Use of polyurea from urea for coating of urea granules
© Lu et al. 2016
Received: 21 February 2016
Accepted: 6 April 2016
Published: 14 April 2016
A new type of controlled release fertilizers coated with polyurea was prepared. The granulated urea was firstly changed into a liquid urea by heating as the coating liquid. By spraying uniformly the urea was coated with the polyurea synthesized by the reaction of isocyanates with a liquid urea. The effects of different modifiers on N release characteristics of polyurea-coated urea (PCU) were studied. The morphology and chemical structure of PCU coating materials was investigated by SEM and FTIR. We studied the nitrogen release characteristics of the PCU applied in both water and soil, and the biodegradability of PCU coating after buried in soil. The results showed that PCU reduced nitrogen release rate and exhibited excellent controlled release property. The PCU coating materials could biodegrade in soil. This indicated that the low cost PCU products from urea are expected to use in agricultural and horticultural applications.

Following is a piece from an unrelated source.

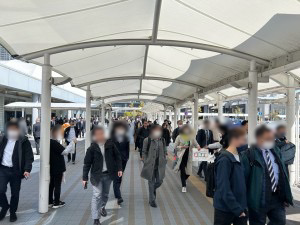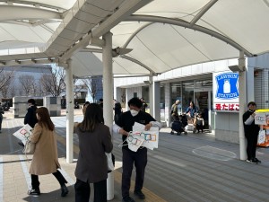 国際展示場駅では、前日と同様の通行パターンで街頭配布・サンプリングを実施しました。前半は通行量がやや少なめでしたが、後半になると人通りが増え、前日よりもさらに多めの通行者にアプローチできました。駅からの流れは途切れつつも安定して続き、特に12:30頃からは集団の人数も増え、混雑する中での配布となりましたが、動線を広く活かしながら順調に実施できました。

Fertilizers are one of the most important products in agriculture. Crop yields and growth mainly depend on the use of fertilizers. But with the increase of the usage amount and time of fertilizers, environmental issue became more conspicuous. It was experimentally confirmed that the application of slow-release or controlled-release fertilizers (CRF), by coating urea granules with materials that exhibit excellent water resisting property, was an effective solution to reduce fertilizer losses and to minimize environmental pollution.

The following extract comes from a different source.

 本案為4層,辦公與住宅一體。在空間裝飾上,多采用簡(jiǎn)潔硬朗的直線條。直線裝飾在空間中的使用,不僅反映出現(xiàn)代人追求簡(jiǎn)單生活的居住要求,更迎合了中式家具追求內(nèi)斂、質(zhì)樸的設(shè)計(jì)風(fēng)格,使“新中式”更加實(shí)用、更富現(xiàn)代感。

The slow-release or controlled-release fertilizers have been developed over the past decades, which focused on exploring polymer-coated fertilizers. For example, Zhang et al. reported that coating fertilizers nutrients with polyethylene or epoxy resin tended to reduce the nutrient release rate (Lu et al. 2013; Yang et al. 2012). Tomaszewska et al. found that polysulfone coated fertilizers had excellent controlled release property (Tomaszewska and Jarosiewicz 2006; Tomaszewska et al. 2002). However, polymer-coated fertilizers have a disadvantage that large amounts of non-degradable coating materials are left in soil when the nutrients are exhausted. So, degradable polymers coating materials, including grapheme oxide (Zhang et al. 2014), starch (Zhong et al. 2013), polyhydroxybutyrate (Costa et al. 2013), chitosan (Hussain et al. 2012) were widely studied. Although these degradable polymers coated fertilizers may reduce environmental pollution, these nutrient release longevity of natural polymer coating materials as CRFs is short, which will not meet nitrogen supply requirement for field crops. Moreover, these natural polymer coating materials were very expensive, which increased the costs of production. So, the development of low-cost, biodegradable polymer materials with excellent controlled release properties for CRF coating materials is the best solution.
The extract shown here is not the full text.